Setelah pemilu, DPR sedang membahas penggunaan hak angket. Namun, peluangnya belum jelas, dan kita perlu memperhatikan masa pemerintahan yang tinggal sedikit dan kompleksitas prosesnya.
Dalam dinamika politik pasca-pemilu, perdebatan mengenai penggunaan hak angket oleh DPR untuk menyelidiki kecurangan dan pelanggaran dalam pemilihan umum menjadi sorotan utama.
Namun, di tengah sorotan ini, kita harus mempertimbangkan secara seksama persyaratan dan mekanisme yang terlibat dalam proses ini. Sudah jelas bahwa proses ini akan memakan waktu yang cukup panjang. Sementara itu, masa pemerintahan saat ini hanya tinggal menyisakan 8 bulan. Pertanyaannya, sejauh mana peluang penggunaan hak angket ini akan terealisasi di DPR?
Telah terungkap bahwa ada beberapa pelanggaran dalam proses pemilihan umum, baik sebelum maupun selama pemungutan suara. Baik kubu pasangan calon 01 maupun 03 menunjukkan niat untuk membawa temuan pelanggaran tersebut ke Mahkamah Konstitusi.Â
Dalam konteks ini, Capres nomor urut 3, Ganjar Pranowo, dengan tegas mengusulkan langkah politik dengan memanfaatkan hak angket dan hak interpelasi di DPR. Ia mendorong partai pengusungnya, PDI Perjuangan dan P3, untuk mengajukan hak interpelasi dan angket terkait penyelenggaraan Pemilu 2024.

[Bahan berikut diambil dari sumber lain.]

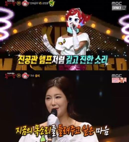 ‘정의의 로빈훗’에게 석패한 ‘노량진 인어공주’가 가면을 벗고 솔비가 정체를 드러냈다. 최근 예능에서 맹활약하며 주가를 올리고 있는 솔비의 등장에 신봉선은 “노래를 너무 잘해 솔비일거라고 전혀 생각 못했다. 미안하다”라고 사과를 하기도 했다. 솔비는 “성대 결절이 왔었기 때문에 출연을 주저했었다. 많은 분들이 10년 전 목소리를 기억해주시는 것 같아 지금 내가 가진 목소리를 들려드리기 위해 나왔다”라며 “1라운드 후 선배님들의 칭찬에 힘과 용기를 얻어 노래했다”라고 촉촉해진 눈가로 소감을 전했다.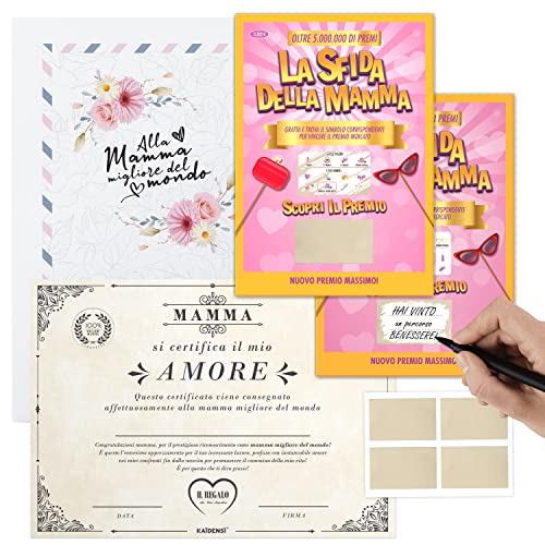 Pergamena con 2 gratta e Vinci Sfida della mamma - Kit regalo festa della mamma completo ✔️ - Un'idea regalo coi fiocchi per una mamma speciale. Quest'anno fa parlare di te per la festa della mamma e certifica tutto il tuo amore con un'idea originale per l'occasione!

Walaupun upaya Ganjar disambut positif oleh beberapa pihak, seperti Capres nomor urut 1, Anis Baswedan, yang yakin bahwa koalisi perubahan akan mendukung penggunaan hak angket. Namun masih ada ketidakpastian dari beberapa partai seperti PKS dan Partai Nasdem. Sementara itu, Partai Golkar menegaskan penolakannya terhadap penggunaan hak angket.
Ditambah lagi, kekuatan koalisi kabinet saat ini semakin solid dengan bergabungnya Partai Demokrat ke dalam koalisi pemerintah. Hal ini membuat perhitungan politik semakin kompleks. Di DPR, total dukungan koalisi yang mendukung Anis Baswedan dan Muhaimin mencapai 29,04%, sementara koalisi Prabowo-Gibran memiliki 45,39%, dan koalisi Ganjar-Mafud sebanyak 25,56%.
Hak interpelasi dan angket dapat dilaksanakan jika mendapat dukungan lebih dari 50% dari kekuatan parlemen. Namun, hal ini hanya akan berjalan lancar jika kubu 01 dan 03 bersatu. Hak angket memungkinkan DPR untuk menyelidiki pelaksanaan undang-undang atau kebijakan pemerintah yang diduga melanggar hukum.
Meski begitu, proses penggunaan hak angket ini tetap memerlukan waktu yang cukup panjang. Terlebih lagi, dengan sisa masa pemerintahan yang hanya 8 bulan, Ganjar Pranowo menyatakan kekhawatirannya terhadap pelaksanaan hak angket. Namun, fokusnya tetap pada membawa kasus pelanggaran Pemilu ke Mahkamah Konstitusi.
Dalam suasana politik yang dinamis ini, partai-partai politik baik dari kubu 01 maupun 03 mulai melakukan perhitungan terkait kemungkinan bergabung dalam koalisi kabinet periode 2024-2029. Pertanyaannya, apakah wacana tentang penggunaan hak angket akan menguat atau justru mengendur? Kita perlu menunggu perkembangan selanjutnya.